● THE PROBLEM:
Dropping every picture, set down exactly the lines in the entries below, starting with the line with "Add a touch" and going on through the line with "A captivating arrangement".

● INFORMATION GIVEN:
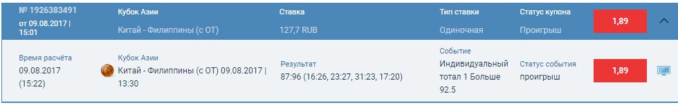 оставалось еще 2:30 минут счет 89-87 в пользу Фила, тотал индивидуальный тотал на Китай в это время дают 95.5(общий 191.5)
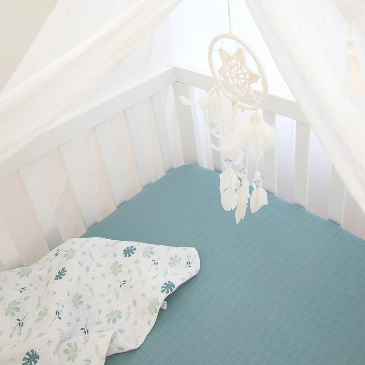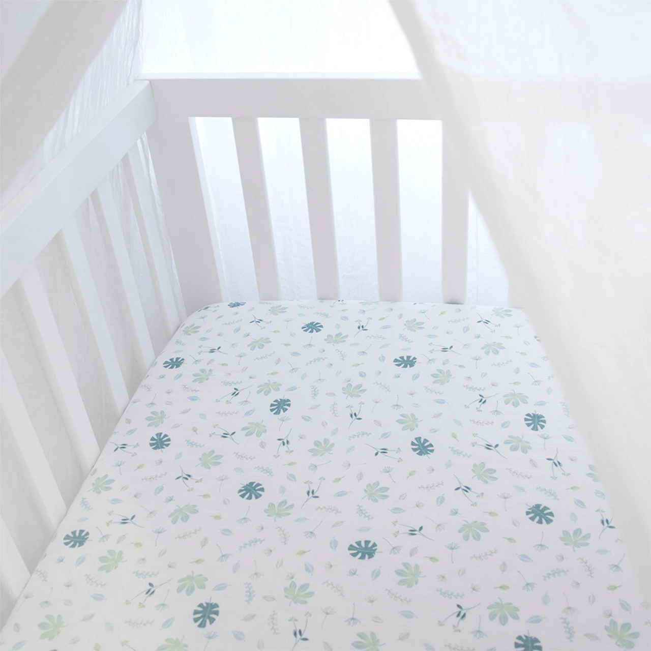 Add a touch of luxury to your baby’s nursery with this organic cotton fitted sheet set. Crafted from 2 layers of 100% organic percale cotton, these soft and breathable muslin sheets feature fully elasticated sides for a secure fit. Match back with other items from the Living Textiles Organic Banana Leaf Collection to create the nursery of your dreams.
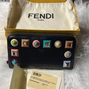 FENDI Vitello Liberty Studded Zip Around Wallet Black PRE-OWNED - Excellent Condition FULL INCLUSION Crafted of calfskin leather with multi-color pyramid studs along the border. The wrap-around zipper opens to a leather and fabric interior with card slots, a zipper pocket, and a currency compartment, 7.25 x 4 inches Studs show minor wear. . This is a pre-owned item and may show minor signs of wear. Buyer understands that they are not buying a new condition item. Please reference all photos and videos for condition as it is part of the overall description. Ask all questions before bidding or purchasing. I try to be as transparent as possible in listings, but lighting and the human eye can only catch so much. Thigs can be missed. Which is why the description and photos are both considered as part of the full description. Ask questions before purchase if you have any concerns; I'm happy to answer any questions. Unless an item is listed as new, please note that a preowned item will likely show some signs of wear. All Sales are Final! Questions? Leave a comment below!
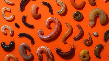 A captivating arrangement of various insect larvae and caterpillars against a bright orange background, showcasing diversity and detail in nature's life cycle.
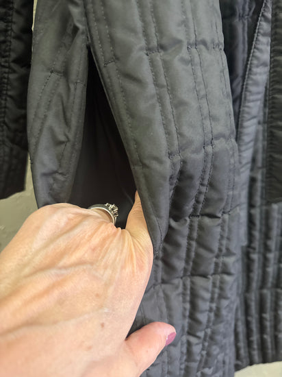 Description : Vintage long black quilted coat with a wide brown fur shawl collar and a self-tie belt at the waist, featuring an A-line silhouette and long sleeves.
* * *
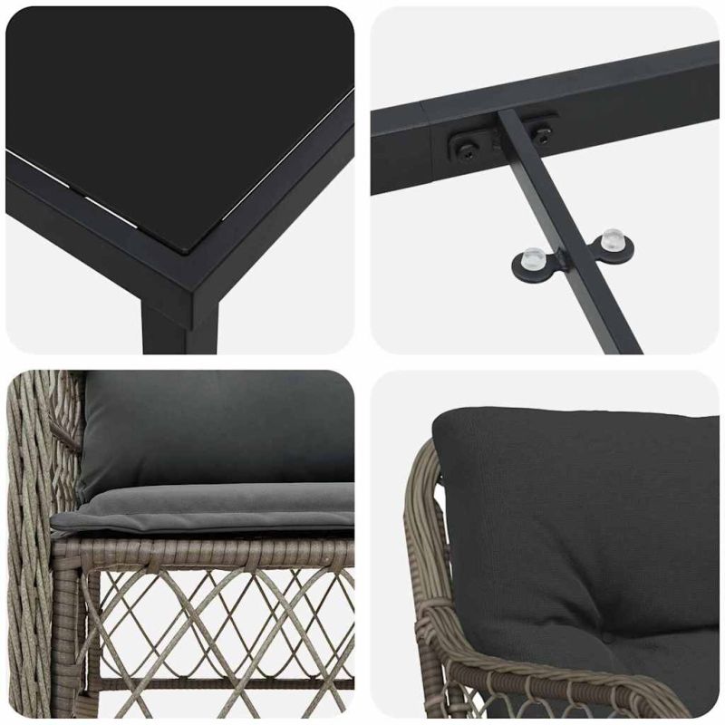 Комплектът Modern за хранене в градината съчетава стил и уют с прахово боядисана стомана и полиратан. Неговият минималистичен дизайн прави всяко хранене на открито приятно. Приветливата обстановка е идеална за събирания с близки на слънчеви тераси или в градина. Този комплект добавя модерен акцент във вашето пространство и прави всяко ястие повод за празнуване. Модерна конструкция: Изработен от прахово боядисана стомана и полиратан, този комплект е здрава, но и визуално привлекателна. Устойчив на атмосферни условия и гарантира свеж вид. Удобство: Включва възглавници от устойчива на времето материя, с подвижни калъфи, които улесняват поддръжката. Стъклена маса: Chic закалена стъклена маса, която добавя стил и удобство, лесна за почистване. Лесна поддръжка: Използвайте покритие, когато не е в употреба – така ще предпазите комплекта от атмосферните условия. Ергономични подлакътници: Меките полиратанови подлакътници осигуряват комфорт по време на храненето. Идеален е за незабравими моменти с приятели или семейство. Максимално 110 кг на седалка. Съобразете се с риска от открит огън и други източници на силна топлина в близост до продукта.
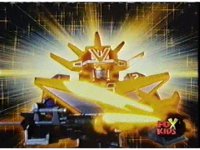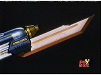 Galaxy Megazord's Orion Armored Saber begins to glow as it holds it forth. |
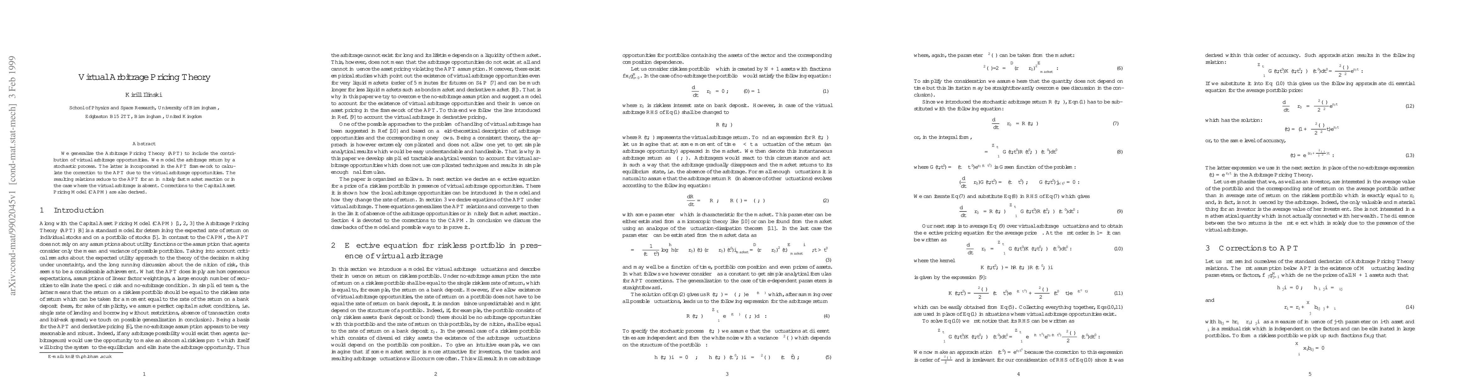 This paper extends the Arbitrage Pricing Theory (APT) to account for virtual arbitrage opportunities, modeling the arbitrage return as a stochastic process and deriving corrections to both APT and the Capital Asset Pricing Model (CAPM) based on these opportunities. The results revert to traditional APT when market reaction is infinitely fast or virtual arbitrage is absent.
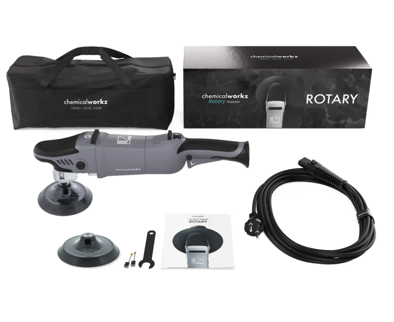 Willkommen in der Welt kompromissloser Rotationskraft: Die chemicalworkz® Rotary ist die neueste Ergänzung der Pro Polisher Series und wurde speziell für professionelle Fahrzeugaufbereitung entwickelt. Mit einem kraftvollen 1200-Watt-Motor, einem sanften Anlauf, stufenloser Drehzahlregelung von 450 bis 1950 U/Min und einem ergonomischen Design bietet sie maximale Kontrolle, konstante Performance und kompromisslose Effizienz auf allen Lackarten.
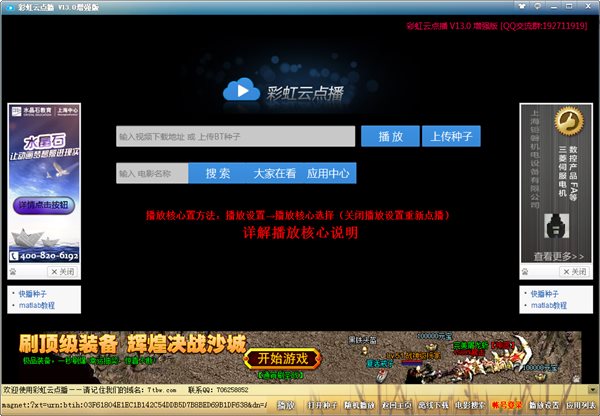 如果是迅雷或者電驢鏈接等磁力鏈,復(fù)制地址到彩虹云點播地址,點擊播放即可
...
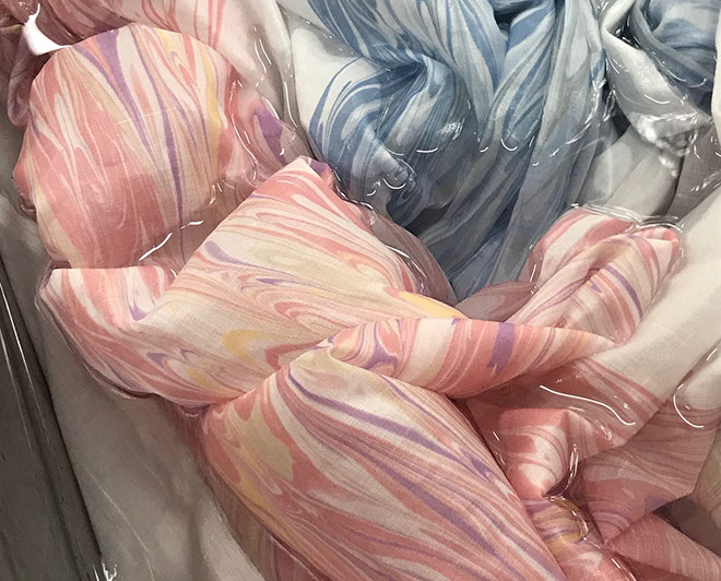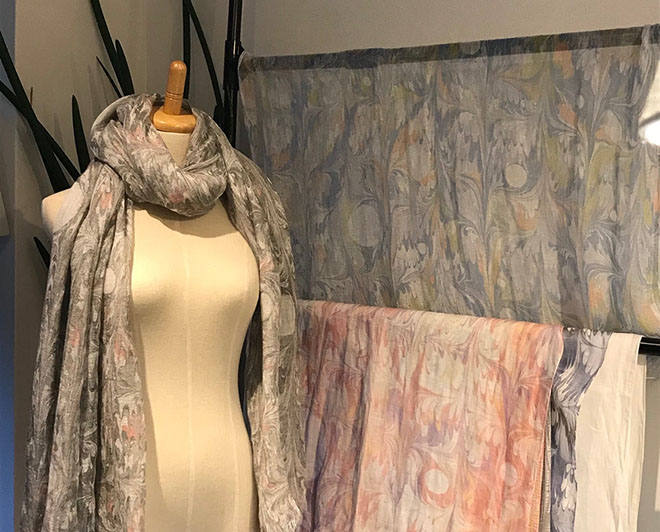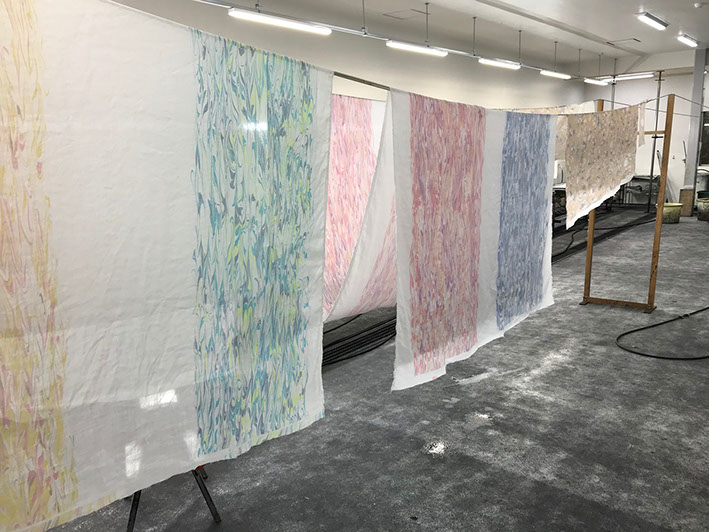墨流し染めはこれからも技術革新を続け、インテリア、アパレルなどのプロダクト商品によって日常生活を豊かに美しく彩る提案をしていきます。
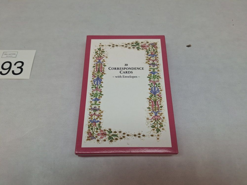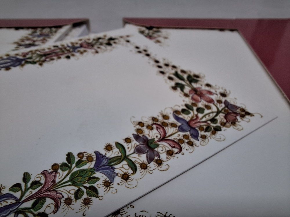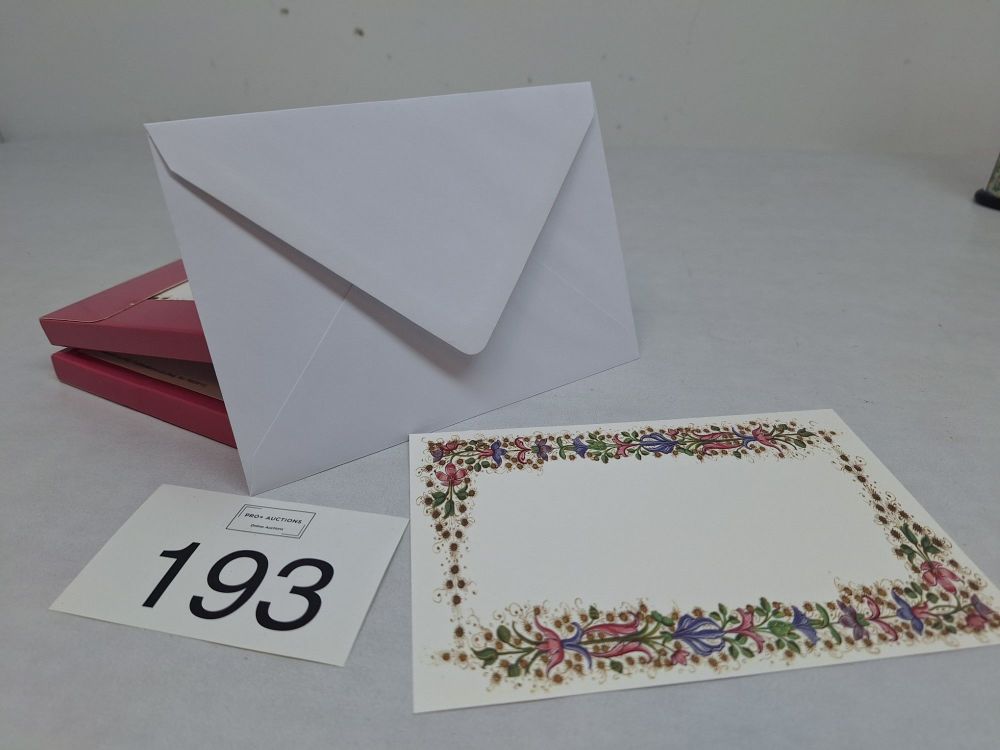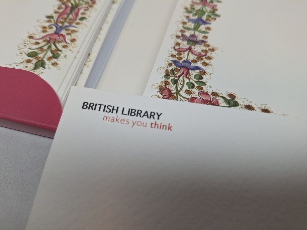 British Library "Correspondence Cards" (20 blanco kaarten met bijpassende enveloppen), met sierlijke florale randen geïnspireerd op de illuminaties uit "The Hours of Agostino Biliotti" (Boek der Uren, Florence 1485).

● PROBLEM SOLUTION:
 Add a touch of luxury to your baby’s nursery with this organic cotton fitted sheet set. Crafted from 2 layers of 100% organic percale cotton, these soft and breathable muslin sheets feature fully elasticated sides for a secure fit. Match back with other items from the Living Textiles Organic Banana Leaf Collection to create the nursery of your dreams.
 FENDI Vitello Liberty Studded Zip Around Wallet Black PRE-OWNED - Excellent Condition FULL INCLUSION Crafted of calfskin leather with multi-color pyramid studs along the border. The wrap-around zipper opens to a leather and fabric interior with card slots, a zipper pocket, and a currency compartment, 7.25 x 4 inches Studs show minor wear. . This is a pre-owned item and may show minor signs of wear. Buyer understands that they are not buying a new condition item. Please reference all photos and videos for condition as it is part of the overall description. Ask all questions before bidding or purchasing. I try to be as transparent as possible in listings, but lighting and the human eye can only catch so much. Thigs can be missed. Which is why the description and photos are both considered as part of the full description. Ask questions before purchase if you have any concerns; I'm happy to answer any questions. Unless an item is listed as new, please note that a preowned item will likely show some signs of wear. All Sales are Final! Questions? Leave a comment below!
 A captivating arrangement of various insect larvae and caterpillars against a bright orange background, showcasing diversity and detail in nature's life cycle.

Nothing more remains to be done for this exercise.